Olmedo noticed the scornful nuance.
‘I should congratulate you on a job well done,’ continued the colonel, ‘except that your conclusions are not to my liking.’
‘I’m afraid there was no other …’
‘I know, I know,’ he interrupted sharply. ‘I know you were following orders. And orders are given to be obeyed; the army is not a democracy. It’s not me you’ll have to convince of simply having carried out a technical commission. I don’t agree with your premises, but, at least in public, I won’t oppose them. Don’t worry, I won’t raise any objections at the meeting.’ He paused and then, as though he’d thought it through, but wasn’t too sure how appropriate it was to say it, added: ‘Today no one can say that the Spanish military is not disciplined. Not once have we spoken out in protest, in spite of the victims we’ve had in the last few years … as a consequence of the civilians’ deficient administrations. I won’t speak out now about a matter of lesser importance.’
‘Thank you, sir.’
‘You’re aware you’ll make enemies?’ the colonel asked, turning to look fixedly at Olmedo, his eyes slightly blanched by age.
‘I am, but I have them already, sir.’
‘But this won’t just be professional rivalry. Some will be personally affected, and will see your report as an offence. Others will even think of the word humiliation. And all of them will feel like a band of veterans sent away from the city walls on the basis that
they will be better defended by new weapons mounted on the tower keep,’ he added, using one of those examples of old military strategy that he liked to quote in public.
‘But no one’s leaving them outside the walls,’ argued Olmedo. ‘They only need to accept a transfer. Or take early retirement.’
‘You know well that for some neither is a very honourable possibility. But they too will obey … they all will. I know them, they are disciplined, as I said. And discipline is best shown by obeying orders we don’t like.’

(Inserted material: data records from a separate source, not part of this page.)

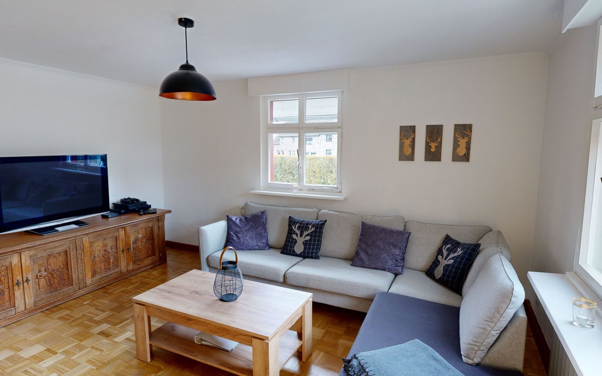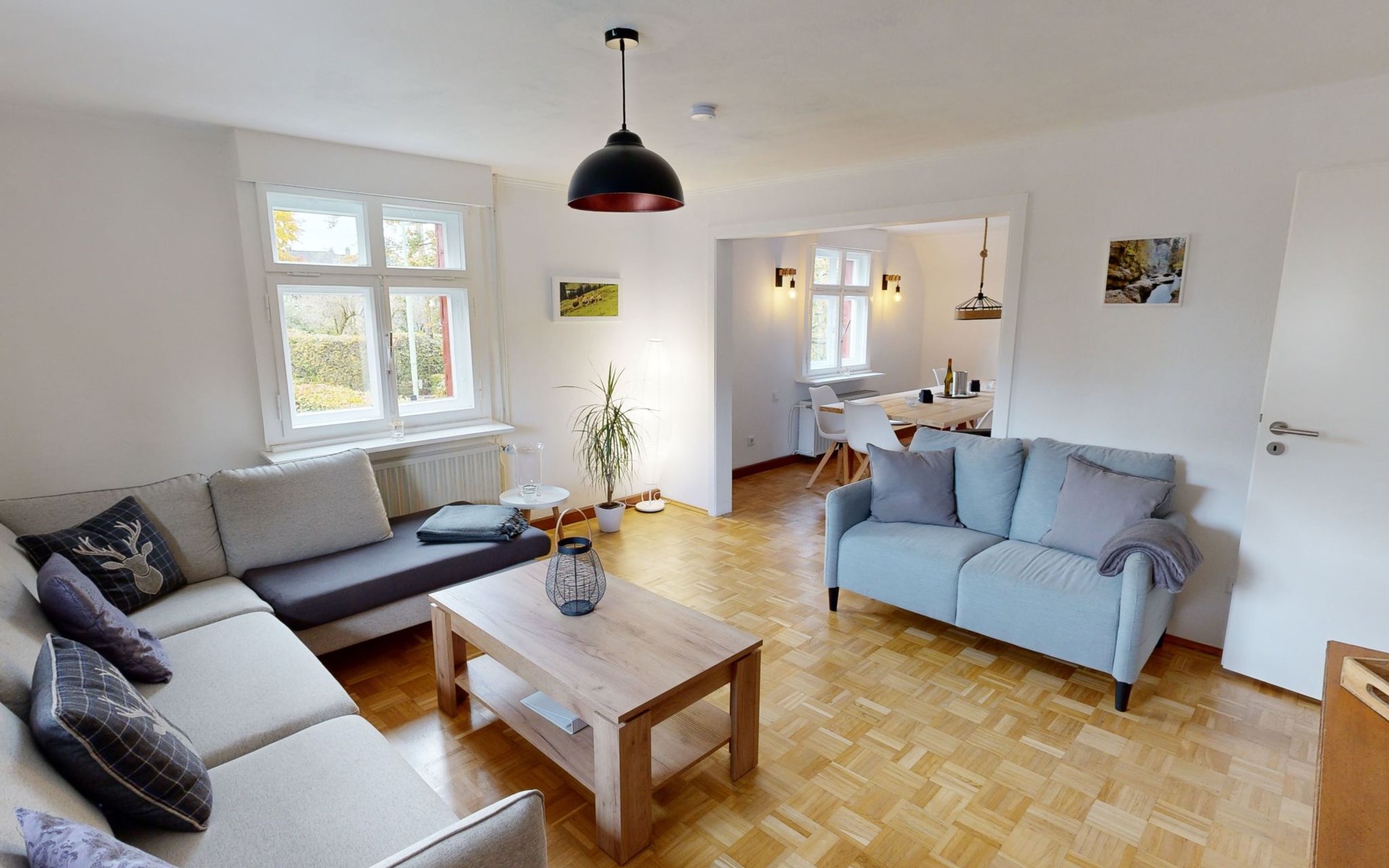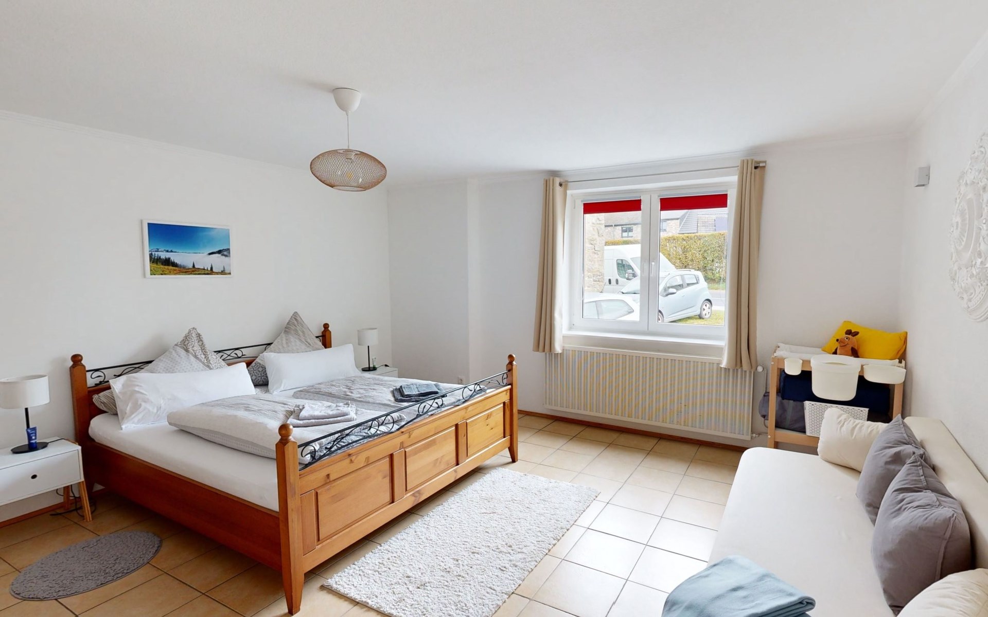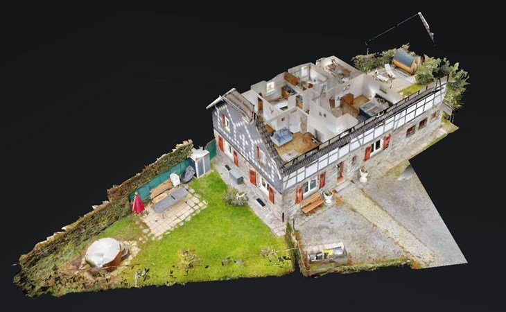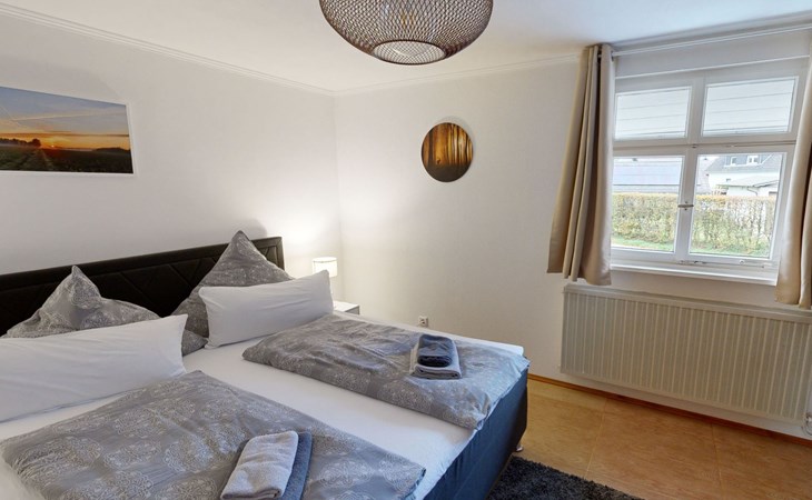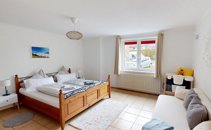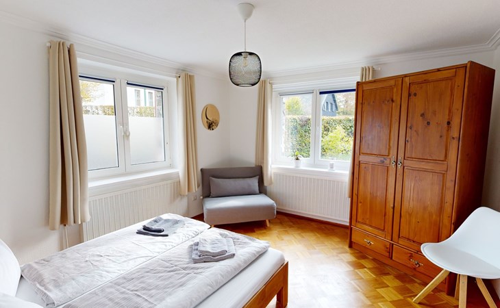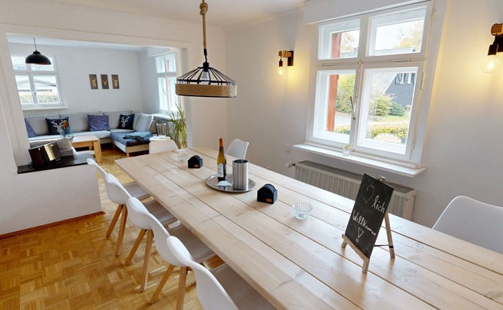 Dreamlike former farmhouse for 10-12 people in Monschau-Höfen Are you looking for a sustainable holiday home in the middle of the beautiful nature of the Eifel, where you can spend a cosy (short) holiday with up to 12 people? Would you also like to enjoy a little wellness in a sauna and a wood-fired hot tub? Then welcome to the Eifel Oasis Monschau.On two floors, the house offers 5 bedrooms with a total of 12 beds; 4 double beds (2 x 160 cm; 2 x 200 cm) and 1 bunk bed ensure a good night's sleep. There is also a sofa bed in 2 of the bedrooms to accommodate a maximum of 2 more people. In a large living room, 2 kitchens, a dining room and 2 bathrooms plus guest toilet, our guests have plenty of space in the house.both kitchens are fully equipped with electric cooker, oven and dishwasher as well as a microwave.in order to take account of the sustainability concept, we have implemented numerous measures, such as a modern pellet heating system, solar thermal energy, biodegradable detergents and cleaning agents, green electricity from Lichtblick, and of course waste separation.a TV set is of course part of the basic equipment of the Eifel Oasis. Younger guests are also catered for: a Playstation 4 with games for the older children is available, as is free Wi-Fi for exclusive use throughout the house (100 Mbit). Toys, a travel cot and a high chair are available for younger guests. Various toys and books are also freely available to our guests, as well as amenities such as a washing machine, iron and ironing board, and dogs are welcome on request. Bowls and a bed are available in the house if required.The outdoor areas of the Eifel Oasis are also spacious: two gardens with a sauna, a hot tub, plenty of seating and a charcoal barbecue promise relaxing moments. There are also 3 car parking spaces directly in front of the house. Use of the sauna is included per stay (usage times 08:00 to 22:00).Wellness area with barrel sauna and hot tub.The Eifel-Oase holiday home is less than 4 kilometres from the historic old town of Monschau and offers a wide range of leisure activities such as hiking, cycling and sightseeing on the edge of the Eifel National Park - Tor Höfen. The Vennradweg, the Eifelsteig, Vogelsang Castle and the Monschau Mustard Museum are all within easy reach of the holiday home. In winter, the beautiful Christmas market in the medieval old town is also enchanting. Regular shuttle buses ensure a smooth arrival and departure.
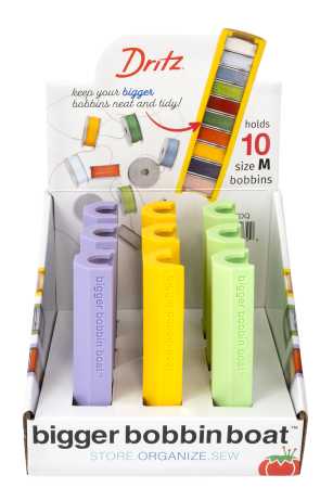 ll ensure bobbins remain neatly stowed and tangle-free. Eye-catching counter display to encourage multiple unit purchase. Pre-loaded with nine Bigger Bobbin Boats in three pastel colors. Each boat holds ten size M bobbins. Curved interior “hugs” bobbins securely in place. Size: M Use: Bobbin Organizer
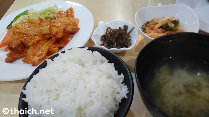 「豚焼き肉セット」は、甘いタレで焼いた豚バラが山盛りと炒めた野菜、ご飯に味噌汁、キムチに、小魚の佃煮のようなもの。味も悪くないです!

‘I would never question that.’
The colonel, who had not moved from his place, once again turned his back to him and looked out of the window. The soldiers were leaving the training field three abreast and presently the place was empty. There was no one walking along the clean streets in front of the pavilions with manicured areas of grass and straight paths flanked by whitewashed stones. At one end of the pitch one could see the deserted stands and, beyond, the high brick wall complete with barbed wire surrounding the compound and enforcing a dual purpose: to keep soldiers in, and to keep people out. The barracks, usually aflutter with activity, were at that moment in the deepest calm, the officers waiting in the meeting room, anxious to learn the results of his report. There was none of the shouting or clicking of heels normally heard during instruction, and nor did one hear vehicles or everyday noises generated by cleaning or pruning trees. For Olmedo all that solitude and emptiness heralded the final closure. The colonel must have thought something along the same lines, because he asked, again without looking at him:
‘Do you realise? This is all going to disappear. Everything we established with a view to remaining here will be reduced to transient, useless work.’
Olmedo didn’t reply. He just nodded briefly, even though the colonel couldn’t see him.
‘It had to happen, it was inevitable since they abolished compulsory military service. At the end of the day, there’s no better
reason to knock down barracks than the fact that they’re empty of soldiers. And I seem to remember you agreed with that measure too,’ he added recalling an old grievance which was more bitter that Olmedo had thought.